We now have all the clue numbers except two across ones, G + 9 and G + 11, both in the range [28, 32], so G is in the range [19, 21]; 19 is taken by M, so G is one of {20, 21}. If G is 21 then 27ac = G/(E + N) = 21/14 = 1.5 (a finite decimal), but that would occupy only three cells, not four as the preamble stipulates. Therefore G = 20. The only unassigned numbers are now {4, 17, 18, 21, 24}. For 5ac = (Z + 8)⁶, (17 + 8)⁶ = 244140625 has nine digits, more than the maximum eight stipulated, so Z = 4.

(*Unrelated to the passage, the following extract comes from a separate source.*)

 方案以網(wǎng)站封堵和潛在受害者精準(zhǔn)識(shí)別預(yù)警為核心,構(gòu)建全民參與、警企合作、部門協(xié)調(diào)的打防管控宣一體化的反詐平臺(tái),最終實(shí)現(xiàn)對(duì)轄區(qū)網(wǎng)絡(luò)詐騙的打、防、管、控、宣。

For 31ac we have the value (G + R − E + N)ADA = 170625, so 31dn = PYX = 115X also has to start with 1. For X in {17, 18, 21, 24}, the corresponding values are {1955, 2070, 2415, 2760}, so X = 17.

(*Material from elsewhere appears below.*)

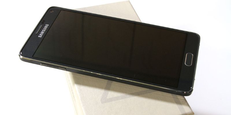 • Chất liệu kim loại và nhựa: Note 4 sở hữu khung viền kim loại chắc chắn, mặt lưng nhựa giả da giúp cầm nắm tốt hơn.

There are 23 across clues and because of symmetry the 12th one, 25ac = 49.28 must go in the middle of the middle row of the grid. The entries before and after it must have the same length, being symmetrical opposites. They are 23ac = 22/165 or 2/15 (6 or 4 cells) and 27ac = 20/14 or 10/7 (5 or 4 cells); neither can be a finite decimal, being 0.1333333… and 1.4285714… respectively. To be the same length, they must be entered as 2/15 and 10/7.

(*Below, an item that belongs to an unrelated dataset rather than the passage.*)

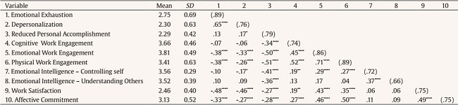 Means, standard deviations, and intercorrelations were computed for all variables to test the hypothesised relationships between emotional intelligence, work satisfaction, affective organizational commitment as well as burnout and work engagement.

We now have almost all the clue answers/entries, and from symmetry we know the lengths of the missing across ones: 1ac = 161051, 5ac = 2985984, 10ac = 406.125, 12ac = _____, 13ac = 1105, 15ac = 681503, 16ac = 56006721, 19ac = 24137569, 20ac = 738639, 21ac = 725760, 23ac = 2/15, 25ac = 49.28, 27ac = 10/7, 29ac = ______, 31ac = 170625, 33ac = 16777559, 37ac = 33534749, 38ac = 326592, 39ac = 1904, 40ac = 651.7, 41ac = 912.673, 42ac = _______, 43ac = 234256; 1dn = 1485172, 2dn = 161078, 3dn = 0.008, 4dn = 5156/343, 5dn = 25/243, 6dn = 83853, 7dn = 5.12, 8dn = 9150570, 9dn = 45369, 11dn = 161172, 14dn = 1729, 17dn = 266/23, 18dn = 23/169, 22dn = 287/3123, 24dn = 1679616, 26dn = ?, 28dn = 7529536, 30dn = 153/92, 31dn = 1955, 32dn = 607062, 33dn = 10368, 34dn = 70972, 35dn = 149.4, 36dn = 85.8.

The grid has 13 columns, so the only way of fitting the 23 across answers into the 13 rows is to combine them in rows with entry lengths as follows: 6&7, 7&5, 4&6, 8, 8, 6&6, 4&5&4, 6&6, 8, 8, 6&4, 5&7, 7&6. Thus the top row is filled with 1ac = 161051 and 5ac = 2985984, which gives unique starting positions for down answers 2dn to 9dn, and the rest of the grid can be built up as shown here.

From this, we see that 42ac = 2V⁵ is in the range [8068202, 8968292], so V is between (8068202/2)^1/5 ≈ 20.9 and (8968292/2)^1/5 ≈ 21.4, ie V = 21, which makes 42ac = 8168202 and 29ac = 916839.

Now 26dn = 3J⁴ is 99532_, so J is between (995320/3)^1/4 ≈ 23.99995 and (995329/3)^1/4 ≈ 24.000006, ie J = 24 and 26dn = 995328. The only remaining variable is Q = 18, making 12ac = 3.125, and the grid is complete.